§ Aim of the task:
Copied exactly and without pictures, the lines from the beginning of the entries through the one that holds "Designed with an" should form the entire reply.

§ Task material:
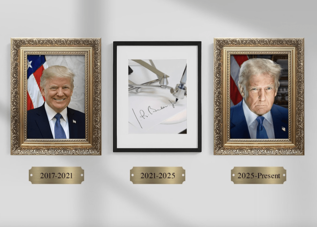 今年3月,特朗普曾在其社交平臺發布一張圖片,圖中包含其第一和第二任期的官方肖像照,中間放置一張拜登的自動簽名筆。FOX新聞網報道稱,特朗普此舉諷刺拜登使用自動簽名筆履職。
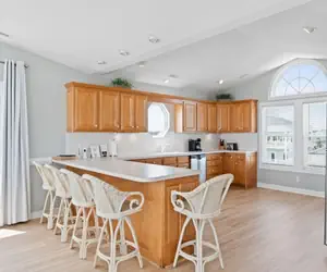 Designed with an inverted floor plan, the home includes two living areas—one with a full-size sleeper sofa—and a downstairs living area with a 75" TV and a half bath on each floor. The second-floor wall of windows showcases breathtaking ocean views, while the spacious kitchen, dining room, and island create a perfect gathering spot for meals, games, and family fun.
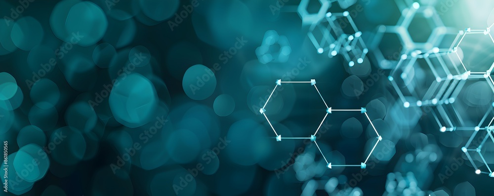 Abstract medical background with hexagons and icons of health care, science or technology concept on blue green gradient color banner vector presentation design #861850565
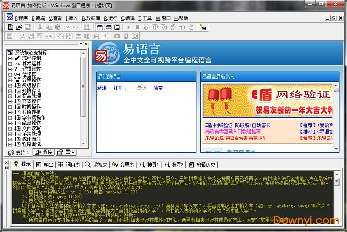 由易语言汉语编程推出的易语言编辑器工具,是个支持基于汉语字、词编程的、全可视化的、跨主流操作系统平台的编程工具,支持与常用的编程语言互相调用,具有充分利用api,com、dll、ocx组件,各种主流数据库,各种实用程序等多种资源的接口和支撑工具。有自主开发的高质量编译器,除了支持界面设计的可视化,还支持程序流程的即时可视化,现有各种支持库多达40多个,用户可以使用她来满足几乎所有的windows编程需求,多媒体功能支持强大,完善的网络、端口通讯和互联网功能支持。易语言除了支持界面设计的可视化,还支持程序流程的即时可视化;除了语句的中文化之外,还专门提供了适合中国国情的命令,如中文格式日期和时间处理、汉字发音处理、全半角字符处理、人民币金额的处理等;综合采用了结构化、面向对象、组件、构架、集成化等多种先进技术,并在运行效率、性能价格比、全可视化支持、适应本地化需要、面向对象以及提供windows,linux上的运行平台等具有特色。
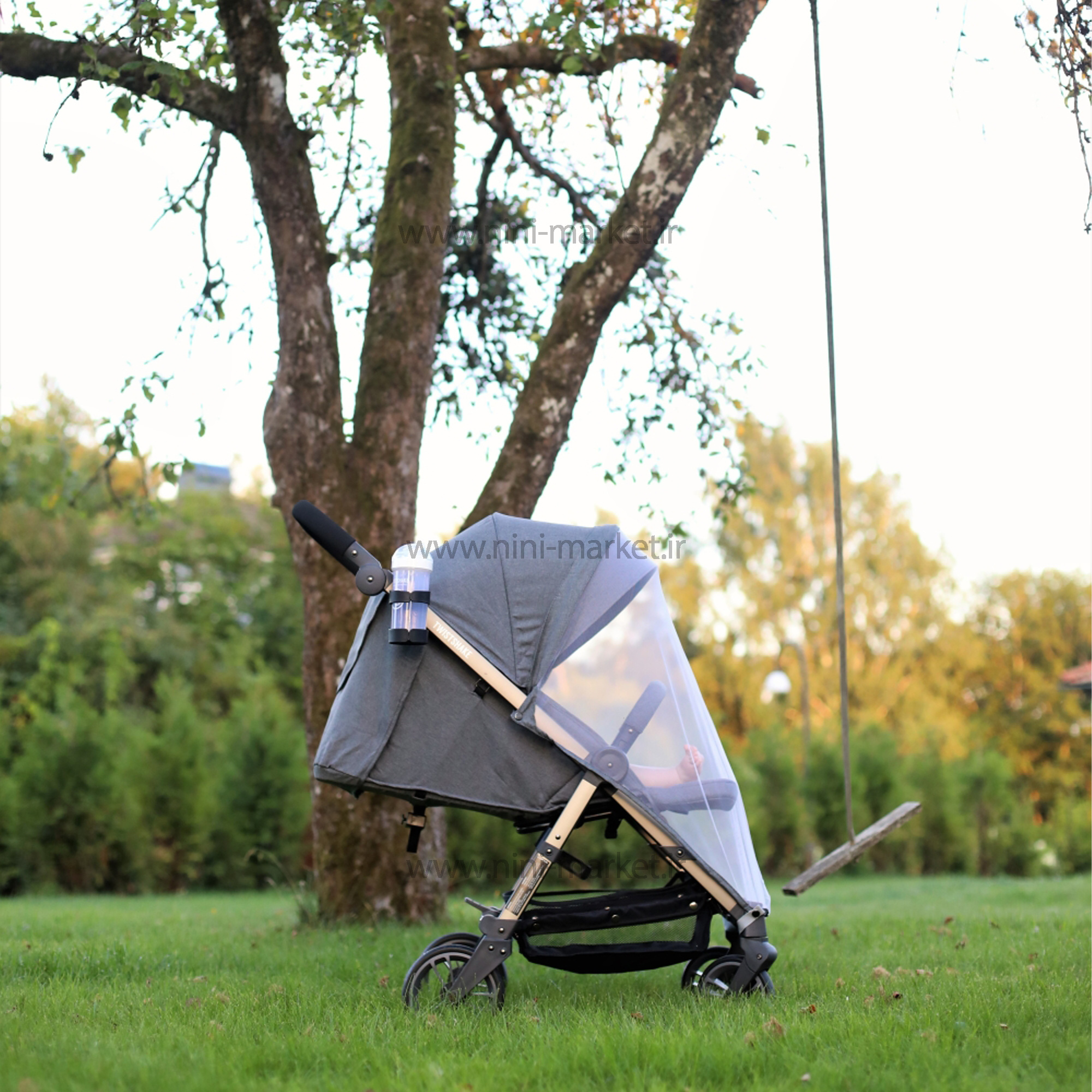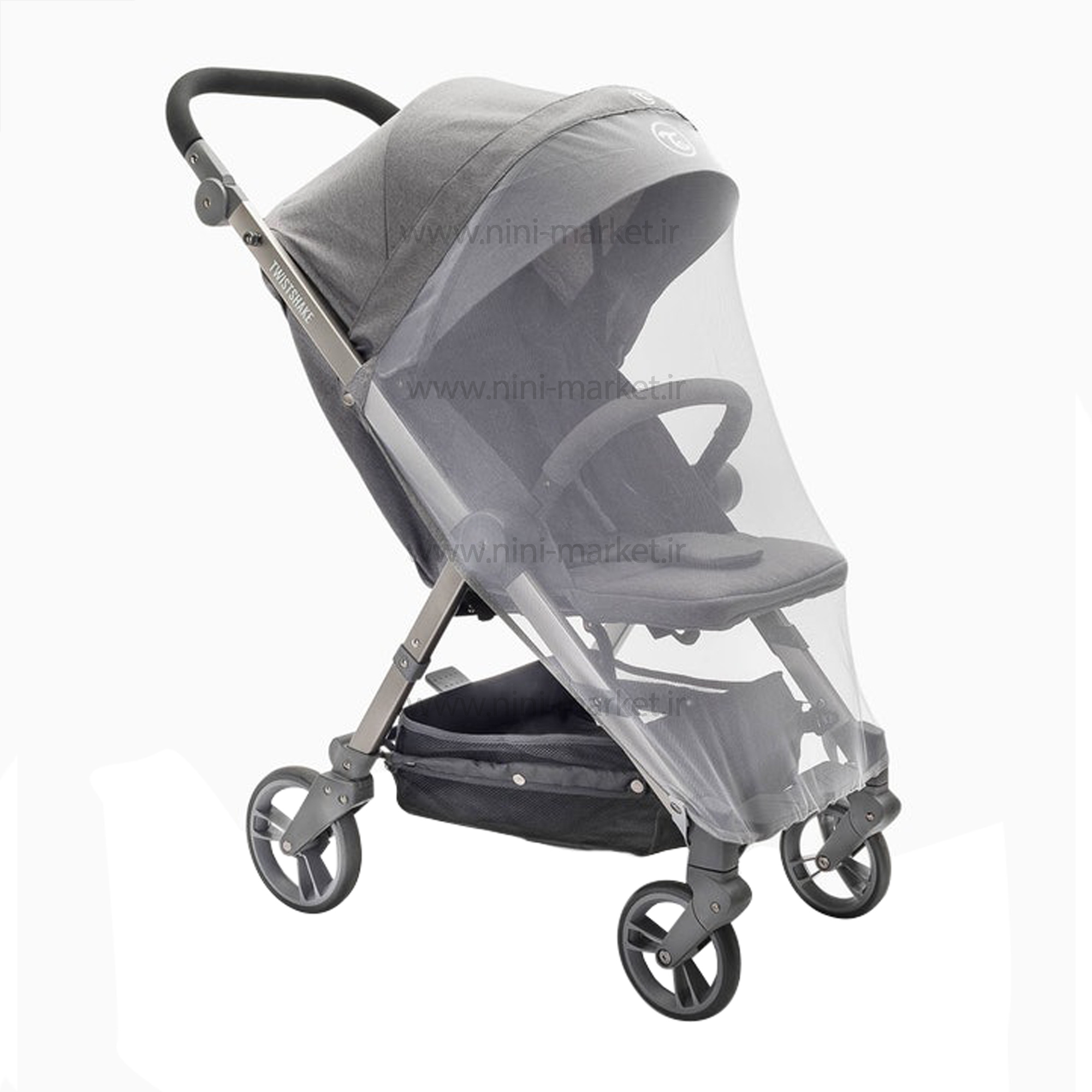 پشه بند : پشه بند کالسکه تویست شیک بهراحتی با استفاده از دکمههای تعبیه شده به قسمت بالا و پایین بدنه کالسکه متصل میشود و فضایی ایمن برای کودکان دلبند شما ایجاد میکند. پشه بند تویست شیک از یک توری ساخته شده است که دید مناسبی برای کودک ایجاد خواهد کرد و تنفس کودک را نیز مختلف نخواهد کرد. این پشه بند بسیار سبک وزن بوده و فضای بسیاری کمی اشغال میکند. در نتیجه میتوانید آنرا بهراحتی با خود حمل کنید و در صورت نیاز از آن استفاده نمایید.

§ Answer for this exercise:
 今年3月,特朗普曾在其社交平臺發布一張圖片,圖中包含其第一和第二任期的官方肖像照,中間放置一張拜登的自動簽名筆。FOX新聞網報道稱,特朗普此舉諷刺拜登使用自動簽名筆履職。
 Designed with an inverted floor plan, the home includes two living areas—one with a full-size sleeper sofa—and a downstairs living area with a 75" TV and a half bath on each floor. The second-floor wall of windows showcases breathtaking ocean views, while the spacious kitchen, dining room, and island create a perfect gathering spot for meals, games, and family fun.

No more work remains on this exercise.